From Stuart Crawford at VIP Mortgage Inc.:

Last Wednesday's Fed meeting contained no major surprises and the reaction was positive for mortgage rates.  Weaker than expected economic growth data was also favorable for rates.  As a result, mortgage rates ended the week lower.

As expected, the Fed meeting concluded with no change in the federal funds rate and they modestly upgraded their assessment of the U.S. economy.  In particular, the labor market has "strengthened" and consumer spending has been "growing strongly."  However, the overall tone of the statement was less hawkish than investors had expected, and mortgage rates improved a little after its release. 

Mortgage rates also improved following the release of Friday's disappointing GDP data.  Second quarter gross domestic product (GDP), the broadest measure of economic growth, grew at a rate of just 1.2% in the second quarter, far below the consensus of 2.6% (the third straight quarter of growth below 2.0%).  Consumer spending was strong during the second quarter, but business investment was weak.

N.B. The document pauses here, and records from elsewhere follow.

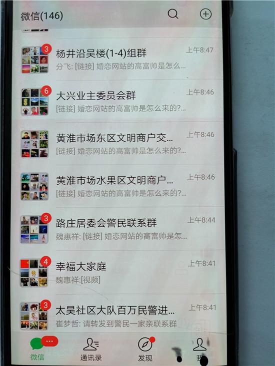 黄淮市场警务室下辖7个行政村24个自然村,常住人口21342人,行政企事业单位16家,居民小区 14个。疫情期间,为了减少面对面接处警机会,警务室通过这25个交流平台每天安排部署疫情防控工作。疫情趋于平稳后,这25个警民微信平台并没有“散伙”,警务室民警便利用这些平台宣传警务工作、发布预警信息,传授防火、防盗、防诈骗等防范知识,让辖区居民更直观的了解公安工作,通过公安机关发布的防范知识,能够及时掌握社会不良现象,对各种侵害到老百姓利益的行为作出有效的防范。居民徐先生说,警民微信群充分体现了警民一家亲,让大家切实感受到人民公安就在身边。
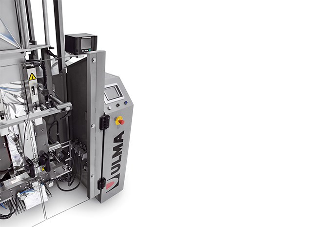 Vertical packaging machine (VFFS) which makes a three sealing pack. Medium-high production speed performance up to 100 cycles/min.
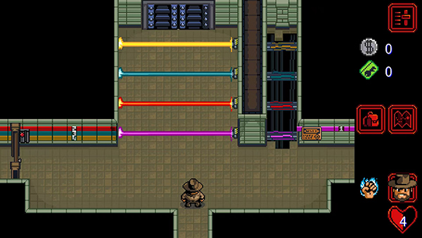 9、如图,房间已经打开,进入到新的房间,需要找到藏在不同位置的开关把激光防护网关闭,
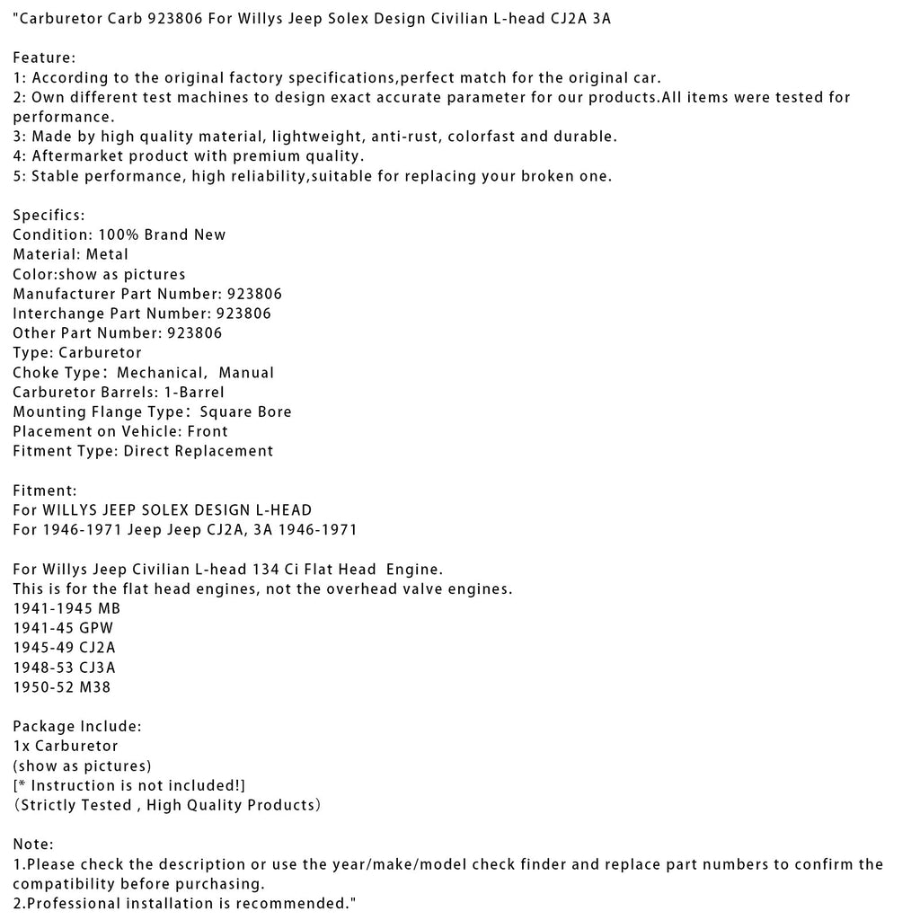 Vergaser Carb 923806 Fit Für Willys Jeep Solex Design Zivilen L-kopf CJ2A 3A
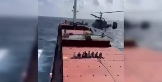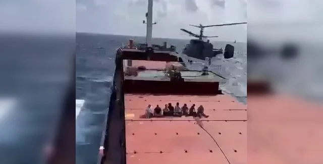 Російські мілітарі-пабліки показали, як вертоліт наблизився до палуби і в його кабіну швидко стрибнули озброєні люди. Ймовірно, це були солдати ЗС РФ, які оглянули судно.
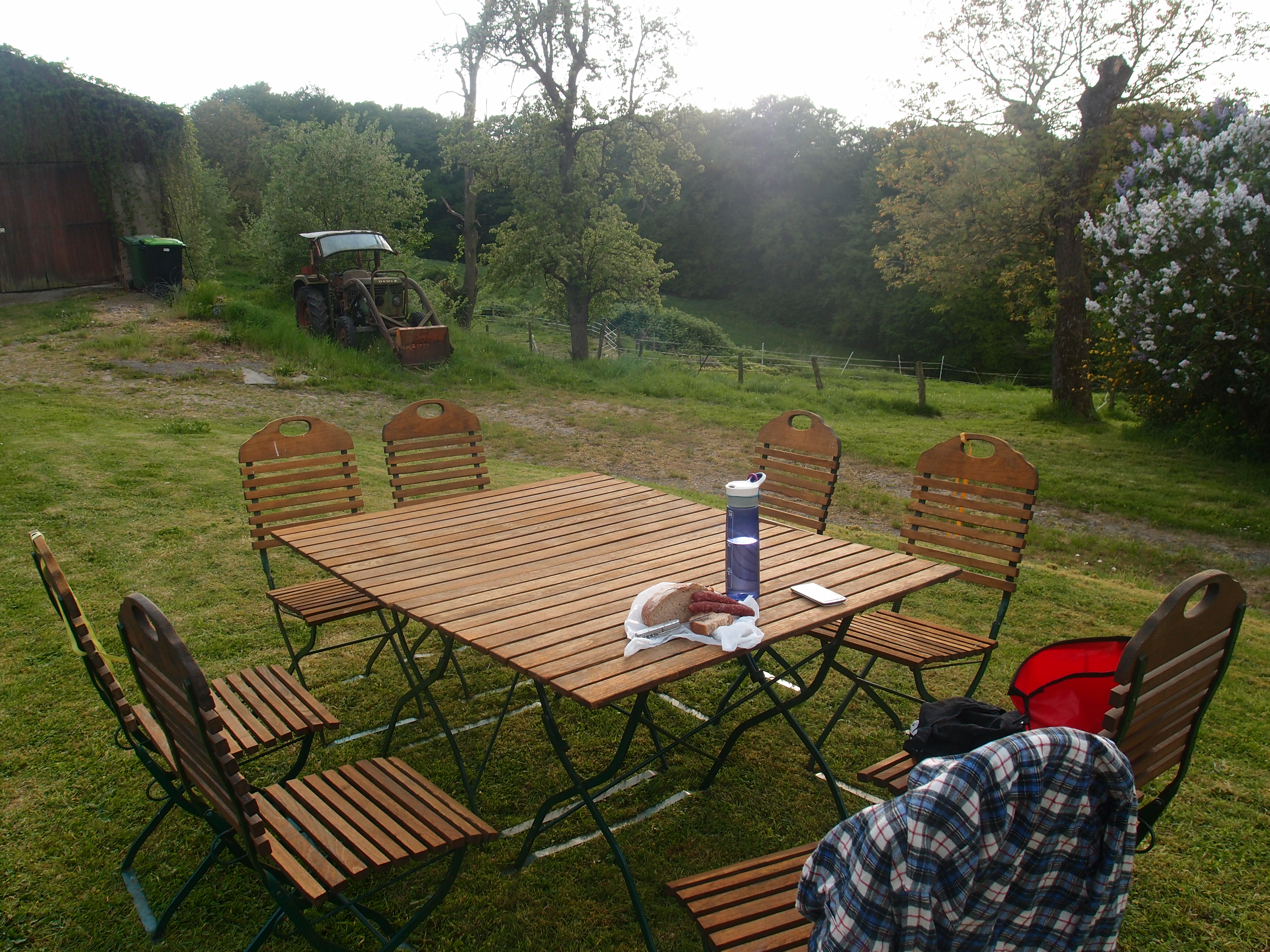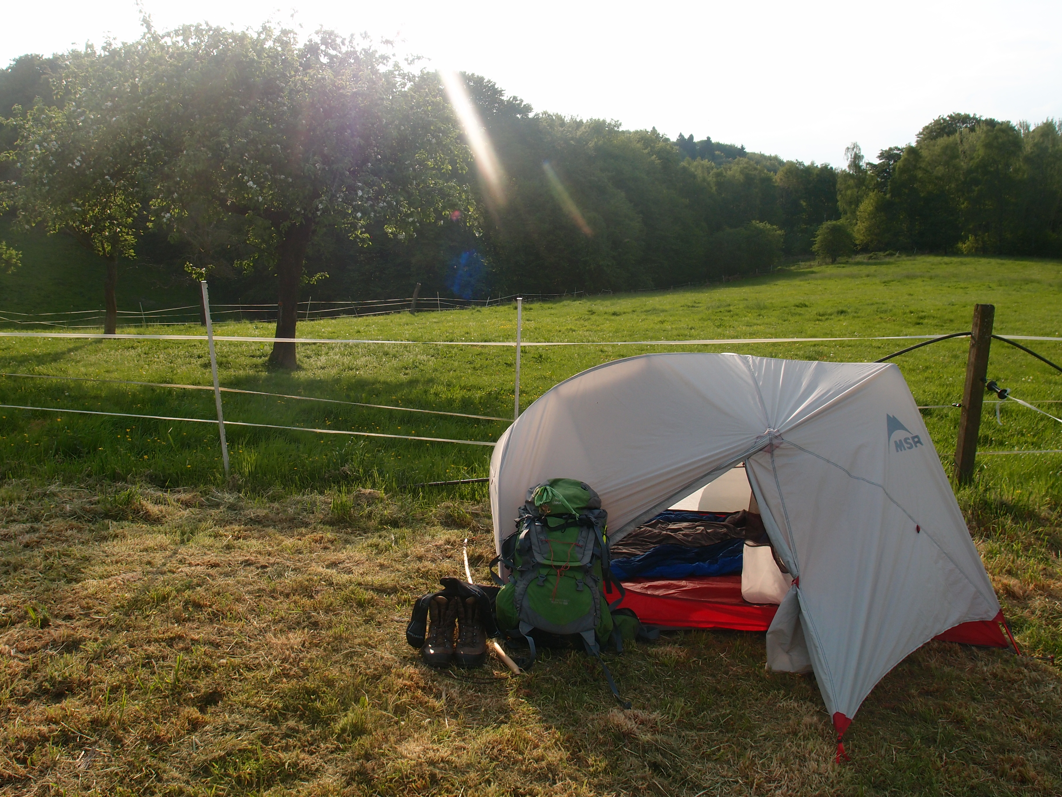 Die Wege danach führen wieder durch schöne saftiggrüne Wiesen und auf Pfaden durch Wälder. Nachdem ich aus den Bäumen durch ein Feld zu einem Hof komme, und es schon fast 20 Uhr ist, beschließe ich, hier nachzufragen. Der Besitzer ist einverstanden und ich stelle, dankbar nicht mehr Weiterlaufen zu müssen,  mein Zelt auf eine Wiese hinter die Scheune vom Scheurenhof.

Recent reports showed that the housing sector remained a bright spot for the U.S. economy.  Similar to the results for previously owned homes, sales of new homes rose in June to the best levels in about eight years.  The pending home sales report showed a small increase in June.  Once again, these two reports likely would have been even better except for a low supply of homes available for sale. 

Looking ahead, the important monthly Employment report will be released on Friday.  As usual, this data on the number of jobs, the unemployment rate, and wage inflation will be the most highly anticipated economic data of the month.  In addition, the Bank of England meeting announcement could influence U.S. mortgage rates on Thursday.